##### DATA EXTRACTS #####

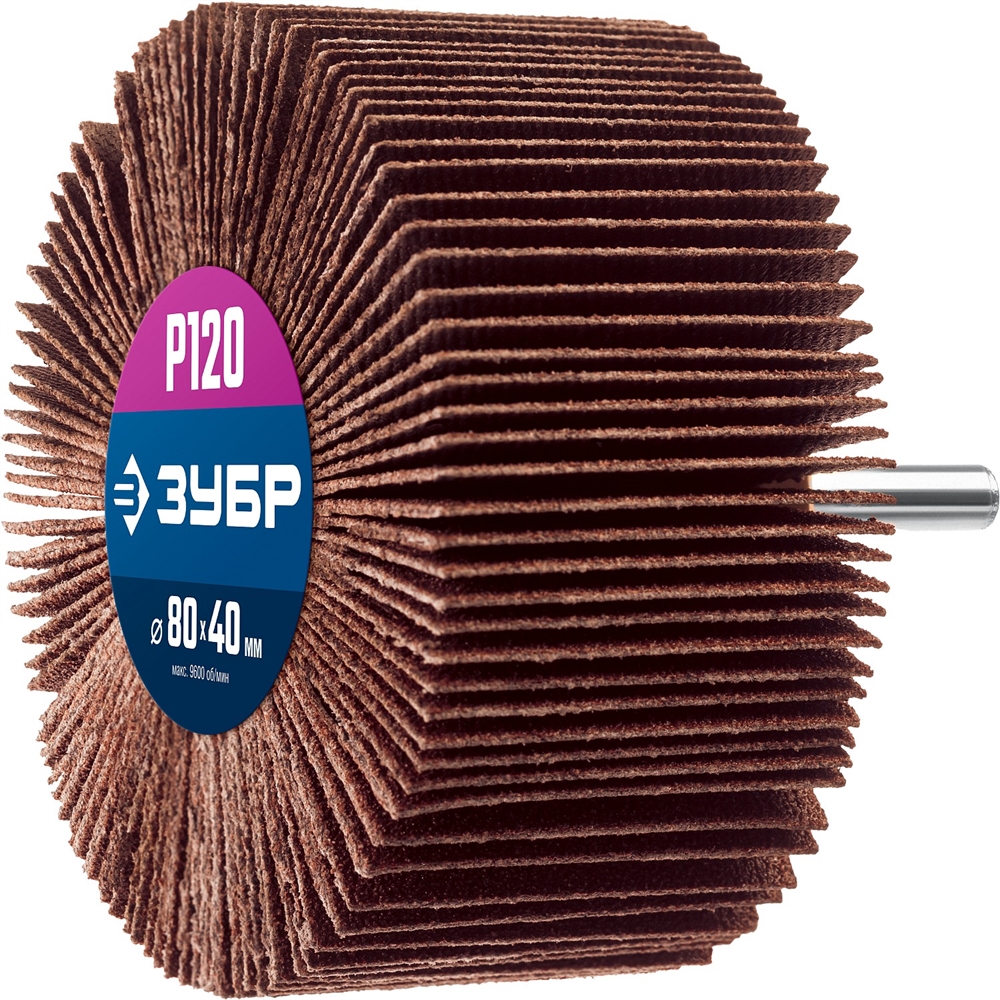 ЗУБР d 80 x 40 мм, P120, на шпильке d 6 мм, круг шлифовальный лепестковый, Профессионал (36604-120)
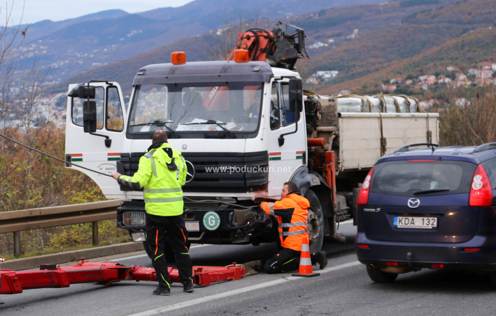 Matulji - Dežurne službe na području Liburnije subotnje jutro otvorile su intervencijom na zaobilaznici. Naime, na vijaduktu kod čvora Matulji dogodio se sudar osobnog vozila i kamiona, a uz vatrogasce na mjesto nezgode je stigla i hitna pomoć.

#####
##### DATA EXTRACTS #####

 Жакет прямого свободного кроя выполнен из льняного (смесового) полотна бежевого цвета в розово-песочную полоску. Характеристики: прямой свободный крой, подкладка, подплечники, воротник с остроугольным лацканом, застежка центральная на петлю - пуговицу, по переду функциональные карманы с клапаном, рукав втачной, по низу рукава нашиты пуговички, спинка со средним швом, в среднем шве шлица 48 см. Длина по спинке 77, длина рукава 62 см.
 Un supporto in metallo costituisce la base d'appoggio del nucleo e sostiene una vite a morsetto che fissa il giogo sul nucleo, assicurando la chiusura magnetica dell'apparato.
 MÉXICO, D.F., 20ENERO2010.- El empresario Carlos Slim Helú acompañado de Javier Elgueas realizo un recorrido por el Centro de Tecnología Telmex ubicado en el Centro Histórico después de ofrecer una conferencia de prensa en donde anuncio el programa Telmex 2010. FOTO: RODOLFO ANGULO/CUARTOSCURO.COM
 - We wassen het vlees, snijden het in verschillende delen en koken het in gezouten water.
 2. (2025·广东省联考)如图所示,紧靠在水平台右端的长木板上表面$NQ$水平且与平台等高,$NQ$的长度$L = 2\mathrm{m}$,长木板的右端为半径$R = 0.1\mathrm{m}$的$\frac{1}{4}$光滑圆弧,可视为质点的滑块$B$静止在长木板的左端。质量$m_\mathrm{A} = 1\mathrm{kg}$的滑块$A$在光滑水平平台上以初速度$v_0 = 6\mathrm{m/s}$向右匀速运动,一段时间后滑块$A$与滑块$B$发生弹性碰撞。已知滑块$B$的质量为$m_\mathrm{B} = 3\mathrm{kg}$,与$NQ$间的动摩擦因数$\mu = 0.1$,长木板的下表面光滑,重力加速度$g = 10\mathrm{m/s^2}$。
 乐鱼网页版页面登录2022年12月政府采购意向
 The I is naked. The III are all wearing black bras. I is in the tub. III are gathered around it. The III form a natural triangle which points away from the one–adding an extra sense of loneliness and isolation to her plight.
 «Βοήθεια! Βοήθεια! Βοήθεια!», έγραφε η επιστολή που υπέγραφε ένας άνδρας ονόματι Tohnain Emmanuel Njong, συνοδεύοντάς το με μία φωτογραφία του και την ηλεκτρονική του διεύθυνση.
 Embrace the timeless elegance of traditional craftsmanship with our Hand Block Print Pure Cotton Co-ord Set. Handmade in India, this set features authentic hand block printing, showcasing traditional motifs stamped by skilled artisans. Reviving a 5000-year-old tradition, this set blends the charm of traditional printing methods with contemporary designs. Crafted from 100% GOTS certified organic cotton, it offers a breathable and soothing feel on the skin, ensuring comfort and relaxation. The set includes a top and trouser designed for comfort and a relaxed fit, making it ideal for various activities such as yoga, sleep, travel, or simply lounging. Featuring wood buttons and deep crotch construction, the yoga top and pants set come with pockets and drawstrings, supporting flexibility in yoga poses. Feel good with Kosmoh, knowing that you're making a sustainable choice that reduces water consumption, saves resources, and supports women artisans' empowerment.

#####

TRY IT: Start with the line above containing "ЗУБР d 80 x" and end with the line containing "Matulji - Dežurne". Set down that stretch exactly, without any pictures.

RESULT:
 ЗУБР d 80 x 40 мм, P120, на шпильке d 6 мм, круг шлифовальный лепестковый, Профессионал (36604-120)
 Matulji - Dežurne službe na području Liburnije subotnje jutro otvorile su intervencijom na zaobilaznici. Naime, na vijaduktu kod čvora Matulji dogodio se sudar osobnog vozila i kamiona, a uz vatrogasce na mjesto nezgode je stigla i hitna pomoć.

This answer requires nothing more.